Natural Earth II data comes in several versions for use with cartography and GIS software. It is downloadable for free at naturalearthdata.com.
Discussion
Natural Earth II derives from the original Natural Earth dataset and improves it by transforming fragmented land cover into generalized environmental zones. The primary reason for doing this was to fulfill a graphical need for cartography. The revised dataset replaces the contrast and noisiness of land cover patterns with smoothly blended natural colors.

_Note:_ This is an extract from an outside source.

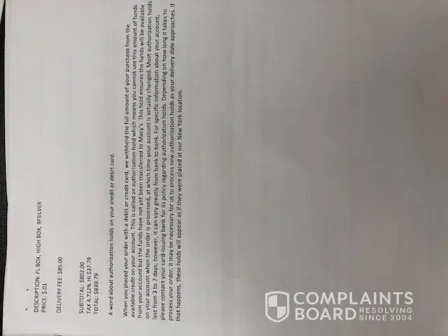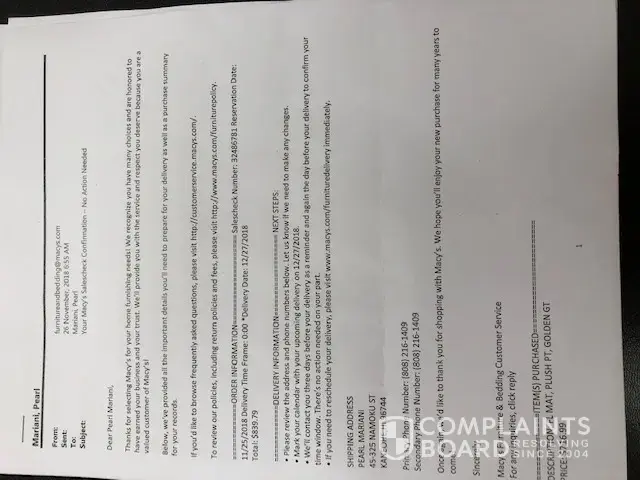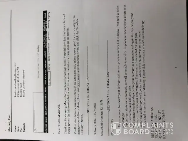 Meanwhile we waited for macy's to send me the return labels for ups by email, I never got them. Ups came to our house next day and we were not home (because we was not notified by macy's) next day ups return and picked up 3 out of the 4 boxes because macy's only send 3 tags. Ups left 1 box at our home. I contacted macy's again and so far nothing has being done!

Natural Earth II attempts to do with environmental data what hypsometric tint maps do with elevation data—provide an informative, visually appealing, and unobtrusive base for making general-purpose maps.
Potential Natural Vegetation
The way that Natural Earth II depicts the world is familiar to anyone who has seen a physical map in a National Geographic Society atlas. Developed by Tibor Tóth in 1971 and expanding on the pioneering work of Hal Shelton, colors on the National Geographic maps show the natural vegetation (and non-vegetated environments) that potentially would exist without human influences on the land. Tóth used potential-vegetation maps compiled by A.W. Küchler, a prominent bio-geographer who held positions at several U.S. universities in the 1950s and 60s, as a guide for his expressive hand-painted work.
Natural Earth II
World environment map in natural color
(left) Natural Earth II. (right) A National Geographic physical map painted by Tibor Tóth.
Compared to land cover that shows what exists on the land at a specific time, potential natural vegetation is a theoretical concept. Potential-vegetation maps assume that modern human-altered environments are a superficial and temporary phenomenon when viewed through the long lens of time. For example, representing Las Vegas with warm desert beige ignores today’s urban landscape veneer. New York City in the humid East would appear as forest green. Tóth’s palette for portraying potential vegetation uses colors that readers—even city dwellers with little day-to-day contact with the natural world—intuitively associate with the natural environment. Potential-vegetation maps depict the untrammeled natural environment not as it is, but as we think or imagine that it should look.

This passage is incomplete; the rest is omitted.